The first time this happened it was in smooth air with roughly 1 hour of fuel aboard.  While maneuvering I looked at my tubes and both read empty in smooth air.  If you don't know which wingtip the fuel has sloshed to you don't know how to recover beyond coordinated flight to recover fuel from both wings at once.  The period of time when you cannot locate the fuel is not fun :(

This just happened again, not due to sloshing but due to low light and turbulence.  I had less than 1 hour of fuel and was above critical terrain when I saw no fuel in either tube and didn't know which tube last had fuel :(

Normally critically low fuel means a proper slip till I land so I can continuously visually monitor remaining fuel until I land.  In this case between the low light, low fuel and turbulence I flew 15 minutes back to the field only seeing 2 empty tubes :(:( 

The reason I'm sharing this is that I was shocked that I could return to the field with my throttle very near idle indicating 80kts.  I Flew like this for over 10 minutes well under 4,000RPM at what seemed like 15% throttle.  The engine was reasonably smooth and my economy felt like 100mpg.  I was shocked.

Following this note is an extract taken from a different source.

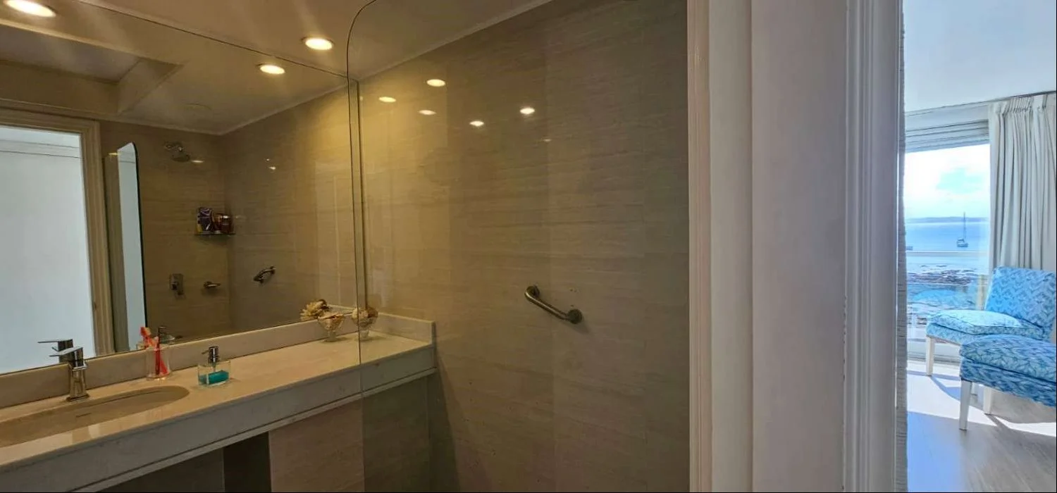 Ingresamos a una cómoda recepción y al gran living comedor con acceso a una terraza maravillosa con vista al puerto, el dormitorio principal también con la misma vista doble ventana y ventanal en 2 de sus paredes, con baño en suite completamente reciclado.

I landed with more than legal reserves, I was fine but not willing to continue if I can't see any fuel and don't know which side remaining fuel is on.  If I had known which side and set up a proper slip in the right direction I would very probably been able to see and monitor remaining fuel and not considering landing vs chute pull.  If you see your last quart  drain out of your empty wing you can still land with engine running and pick your field.  When you don't know which side and can't see it if you do what I did, and run out of gas, it will be a surprise and a field to land in is no longer very likely.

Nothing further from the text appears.